◆ TASK GOAL
Skipping all images, output the listing word for word.

◆ SUPPLIED INFORMATION
>>>>
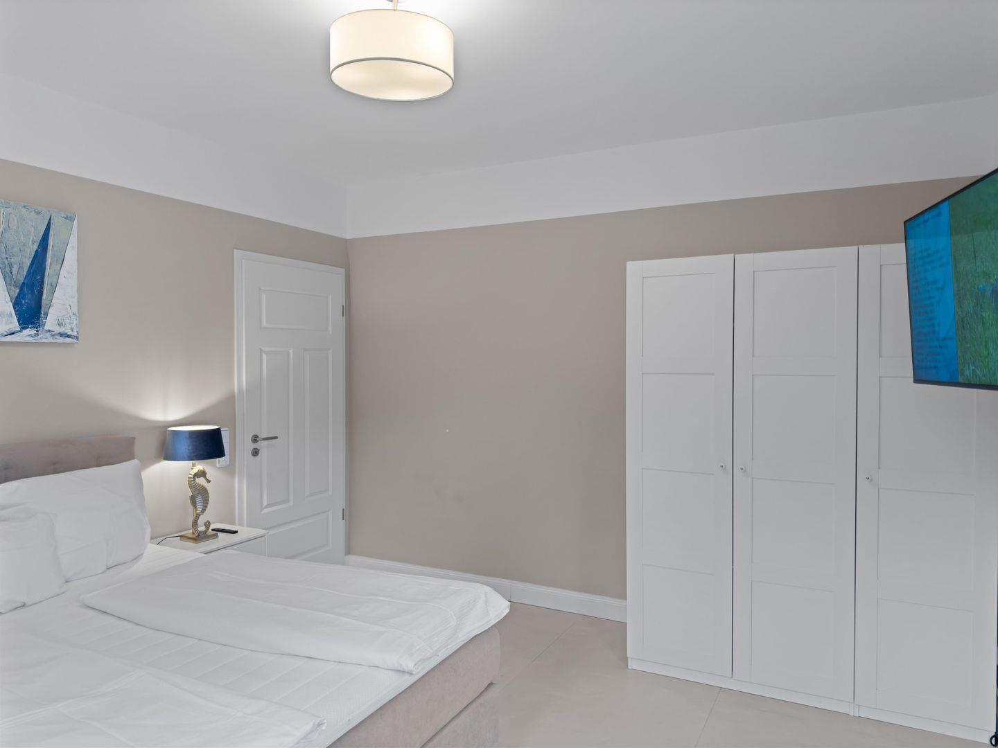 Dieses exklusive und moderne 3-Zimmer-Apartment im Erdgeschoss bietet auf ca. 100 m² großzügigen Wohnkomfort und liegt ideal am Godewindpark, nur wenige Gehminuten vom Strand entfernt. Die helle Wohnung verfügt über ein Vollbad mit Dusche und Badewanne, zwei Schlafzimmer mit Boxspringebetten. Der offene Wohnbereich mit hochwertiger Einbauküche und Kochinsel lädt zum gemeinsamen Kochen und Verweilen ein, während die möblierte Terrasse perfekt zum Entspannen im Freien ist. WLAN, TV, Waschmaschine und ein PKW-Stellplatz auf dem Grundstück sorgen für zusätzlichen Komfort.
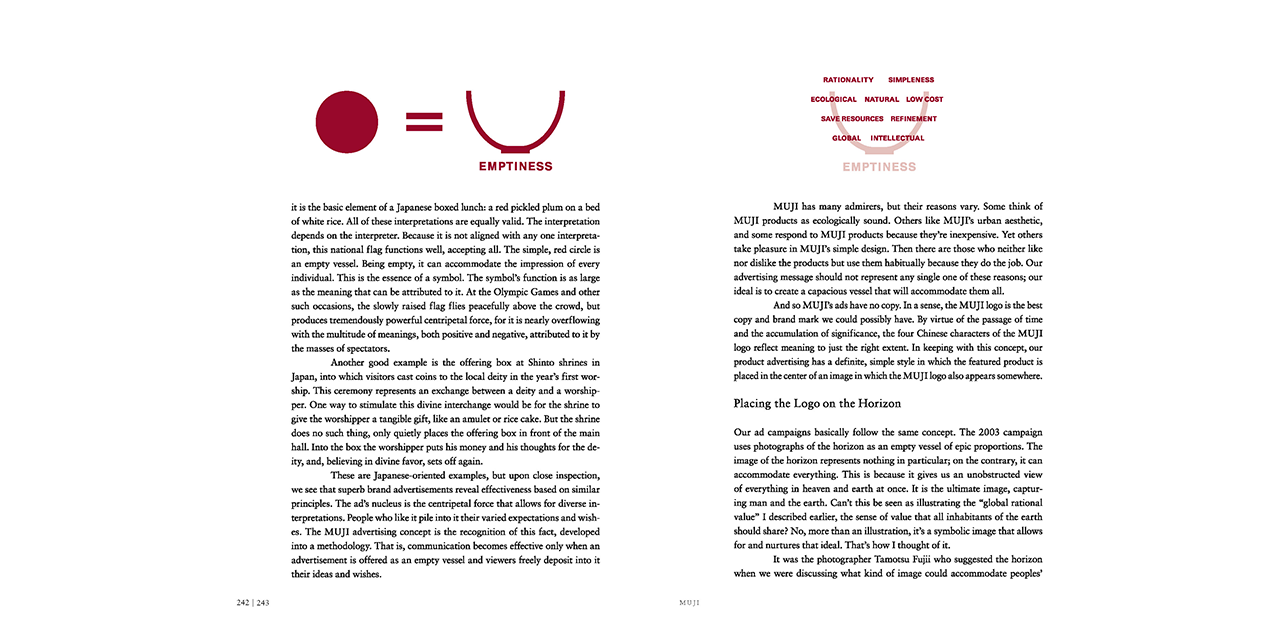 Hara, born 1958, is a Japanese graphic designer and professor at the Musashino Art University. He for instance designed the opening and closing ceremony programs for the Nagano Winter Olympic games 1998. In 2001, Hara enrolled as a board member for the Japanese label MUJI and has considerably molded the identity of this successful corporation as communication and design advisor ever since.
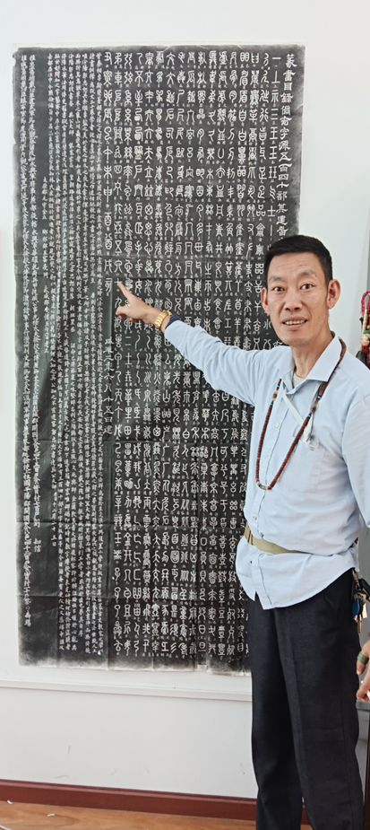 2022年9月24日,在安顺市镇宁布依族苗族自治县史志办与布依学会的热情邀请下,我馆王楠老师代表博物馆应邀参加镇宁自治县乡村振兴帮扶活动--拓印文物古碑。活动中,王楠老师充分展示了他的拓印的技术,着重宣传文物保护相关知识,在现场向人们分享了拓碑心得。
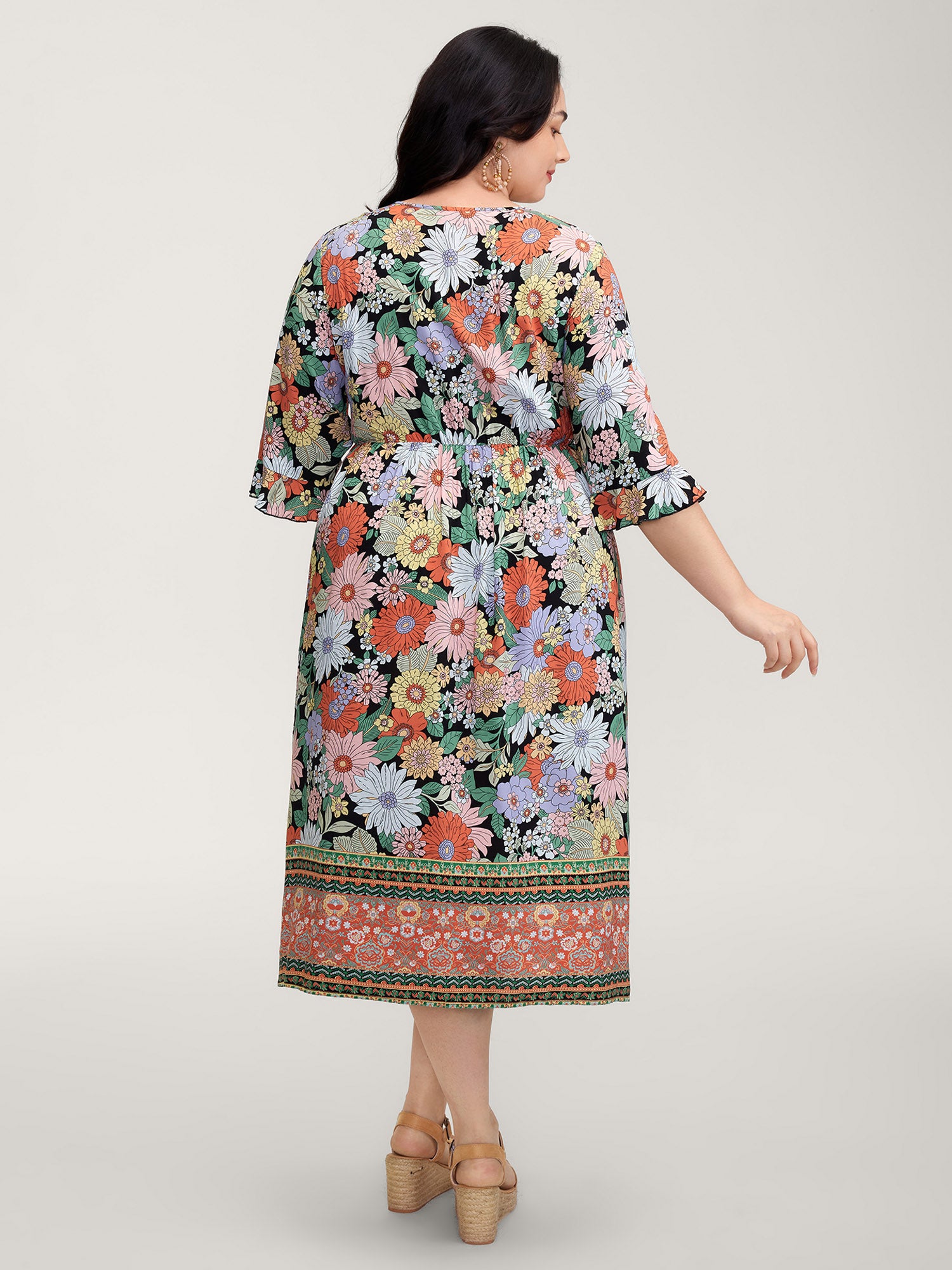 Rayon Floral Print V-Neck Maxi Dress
<<<<
◆ ANSWER BOX
 Dieses exklusive und moderne 3-Zimmer-Apartment im Erdgeschoss bietet auf ca. 100 m² großzügigen Wohnkomfort und liegt ideal am Godewindpark, nur wenige Gehminuten vom Strand entfernt. Die helle Wohnung verfügt über ein Vollbad mit Dusche und Badewanne, zwei Schlafzimmer mit Boxspringebetten. Der offene Wohnbereich mit hochwertiger Einbauküche und Kochinsel lädt zum gemeinsamen Kochen und Verweilen ein, während die möblierte Terrasse perfekt zum Entspannen im Freien ist. WLAN, TV, Waschmaschine und ein PKW-Stellplatz auf dem Grundstück sorgen für zusätzlichen Komfort.
 Hara, born 1958, is a Japanese graphic designer and professor at the Musashino Art University. He for instance designed the opening and closing ceremony programs for the Nagano Winter Olympic games 1998. In 2001, Hara enrolled as a board member for the Japanese label MUJI and has considerably molded the identity of this successful corporation as communication and design advisor ever since.
 2022年9月24日,在安顺市镇宁布依族苗族自治县史志办与布依学会的热情邀请下,我馆王楠老师代表博物馆应邀参加镇宁自治县乡村振兴帮扶活动--拓印文物古碑。活动中,王楠老师充分展示了他的拓印的技术,着重宣传文物保护相关知识,在现场向人们分享了拓碑心得。
 Rayon Floral Print V-Neck Maxi Dress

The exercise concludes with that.